WHAT YOU ARE ASKED TO DO: Reproduce from the records below, with no pictures, exactly the lines between the one containing "Fabricado con materiales" and the one containing "Зейди Смит е", inclusive.
*** TASK INPUTS Section Begins ***
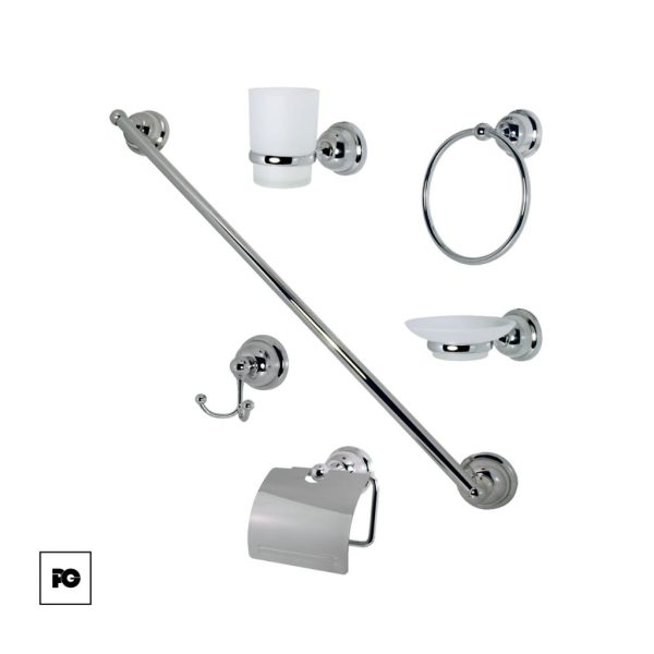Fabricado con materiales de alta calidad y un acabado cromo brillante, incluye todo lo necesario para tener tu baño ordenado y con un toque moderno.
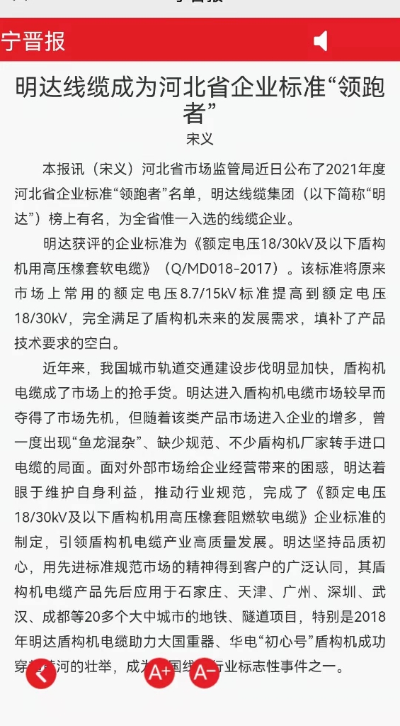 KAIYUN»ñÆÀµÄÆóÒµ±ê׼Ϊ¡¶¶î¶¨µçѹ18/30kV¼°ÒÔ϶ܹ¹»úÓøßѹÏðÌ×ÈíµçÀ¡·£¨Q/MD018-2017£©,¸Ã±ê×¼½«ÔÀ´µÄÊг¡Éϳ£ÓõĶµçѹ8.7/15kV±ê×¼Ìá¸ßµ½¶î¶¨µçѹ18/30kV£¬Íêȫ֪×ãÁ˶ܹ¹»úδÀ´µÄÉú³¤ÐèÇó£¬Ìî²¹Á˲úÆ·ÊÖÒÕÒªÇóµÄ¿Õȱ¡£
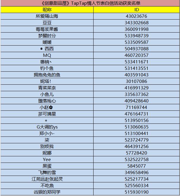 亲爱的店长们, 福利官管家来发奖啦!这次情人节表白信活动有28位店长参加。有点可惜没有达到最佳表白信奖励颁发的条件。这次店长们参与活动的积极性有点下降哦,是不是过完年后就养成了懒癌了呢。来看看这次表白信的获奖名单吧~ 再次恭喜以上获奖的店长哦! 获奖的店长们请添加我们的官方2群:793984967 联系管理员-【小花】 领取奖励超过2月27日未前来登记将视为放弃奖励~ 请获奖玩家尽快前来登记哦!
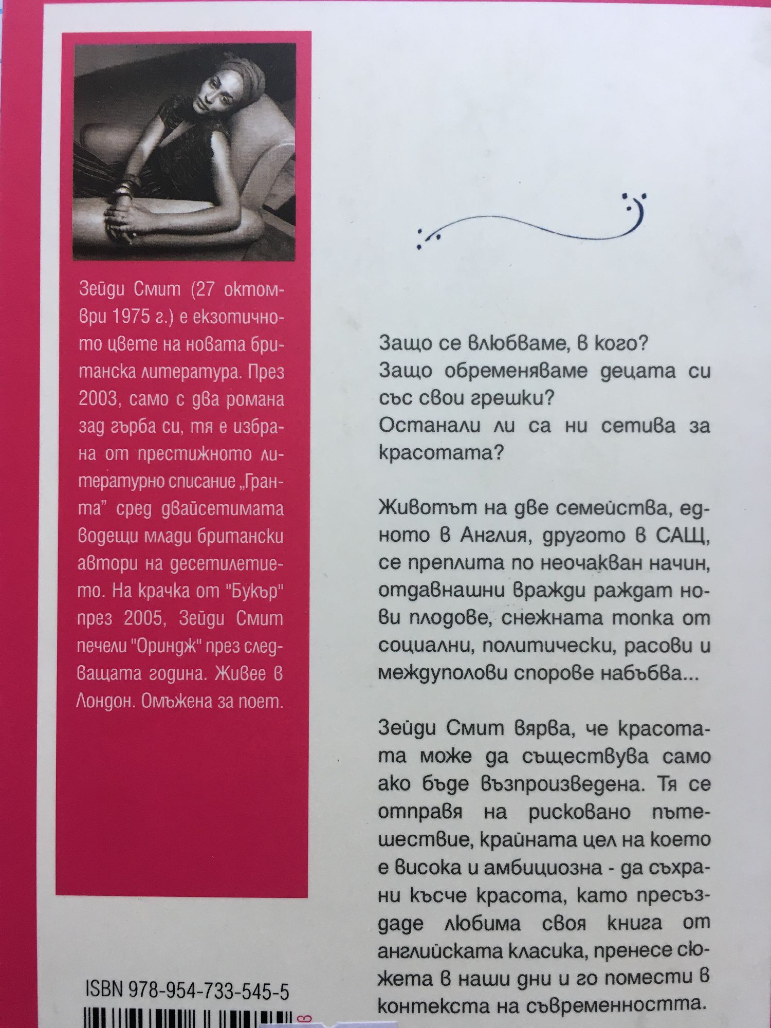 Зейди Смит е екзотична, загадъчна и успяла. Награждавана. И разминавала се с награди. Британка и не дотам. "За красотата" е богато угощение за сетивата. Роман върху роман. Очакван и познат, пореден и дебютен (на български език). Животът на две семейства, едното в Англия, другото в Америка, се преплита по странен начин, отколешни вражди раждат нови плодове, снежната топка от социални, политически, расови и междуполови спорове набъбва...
*** TASK INPUTS Section Ends ***
*** TASK INPUTS Section Begins ***
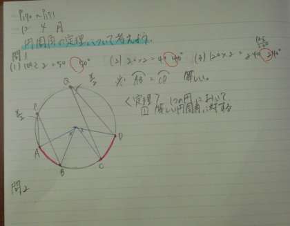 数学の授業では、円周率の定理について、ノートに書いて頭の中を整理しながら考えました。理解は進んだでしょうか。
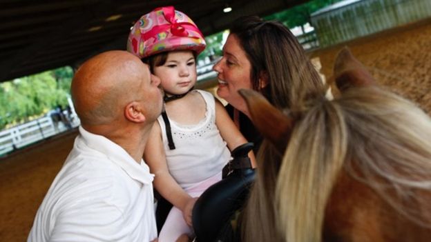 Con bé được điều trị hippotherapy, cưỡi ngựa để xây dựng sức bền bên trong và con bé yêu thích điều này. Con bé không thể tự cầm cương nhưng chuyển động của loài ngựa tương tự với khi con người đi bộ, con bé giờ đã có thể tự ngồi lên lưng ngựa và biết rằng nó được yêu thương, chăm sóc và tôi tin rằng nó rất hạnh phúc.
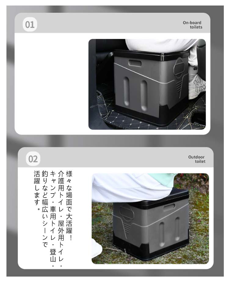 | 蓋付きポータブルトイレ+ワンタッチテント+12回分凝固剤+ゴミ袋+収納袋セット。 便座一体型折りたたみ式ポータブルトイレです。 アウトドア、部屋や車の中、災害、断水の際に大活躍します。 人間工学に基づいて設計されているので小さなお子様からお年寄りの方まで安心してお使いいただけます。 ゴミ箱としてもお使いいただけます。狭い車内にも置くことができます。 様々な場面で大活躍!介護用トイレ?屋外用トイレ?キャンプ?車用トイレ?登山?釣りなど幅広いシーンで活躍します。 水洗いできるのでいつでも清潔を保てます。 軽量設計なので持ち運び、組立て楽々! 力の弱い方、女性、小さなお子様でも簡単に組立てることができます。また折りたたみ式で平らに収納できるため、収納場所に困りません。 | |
*** TASK INPUTS Section Ends ***
RESULT OF THE EXERCISE:
Fabricado con materiales de alta calidad y un acabado cromo brillante, incluye todo lo necesario para tener tu baño ordenado y con un toque moderno.
 KAIYUN»ñÆÀµÄÆóÒµ±ê׼Ϊ¡¶¶î¶¨µçѹ18/30kV¼°ÒÔ϶ܹ¹»úÓøßѹÏðÌ×ÈíµçÀ¡·£¨Q/MD018-2017£©,¸Ã±ê×¼½«ÔÀ´µÄÊг¡Éϳ£ÓõĶµçѹ8.7/15kV±ê×¼Ìá¸ßµ½¶î¶¨µçѹ18/30kV£¬Íêȫ֪×ãÁ˶ܹ¹»úδÀ´µÄÉú³¤ÐèÇó£¬Ìî²¹Á˲úÆ·ÊÖÒÕÒªÇóµÄ¿Õȱ¡£
 亲爱的店长们, 福利官管家来发奖啦!这次情人节表白信活动有28位店长参加。有点可惜没有达到最佳表白信奖励颁发的条件。这次店长们参与活动的积极性有点下降哦,是不是过完年后就养成了懒癌了呢。来看看这次表白信的获奖名单吧~ 再次恭喜以上获奖的店长哦! 获奖的店长们请添加我们的官方2群:793984967 联系管理员-【小花】 领取奖励超过2月27日未前来登记将视为放弃奖励~ 请获奖玩家尽快前来登记哦!
 Зейди Смит е екзотична, загадъчна и успяла. Награждавана. И разминавала се с награди. Британка и не дотам. "За красотата" е богато угощение за сетивата. Роман върху роман. Очакван и познат, пореден и дебютен (на български език). Животът на две семейства, едното в Англия, другото в Америка, се преплита по странен начин, отколешни вражди раждат нови плодове, снежната топка от социални, политически, расови и междуполови спорове набъбва...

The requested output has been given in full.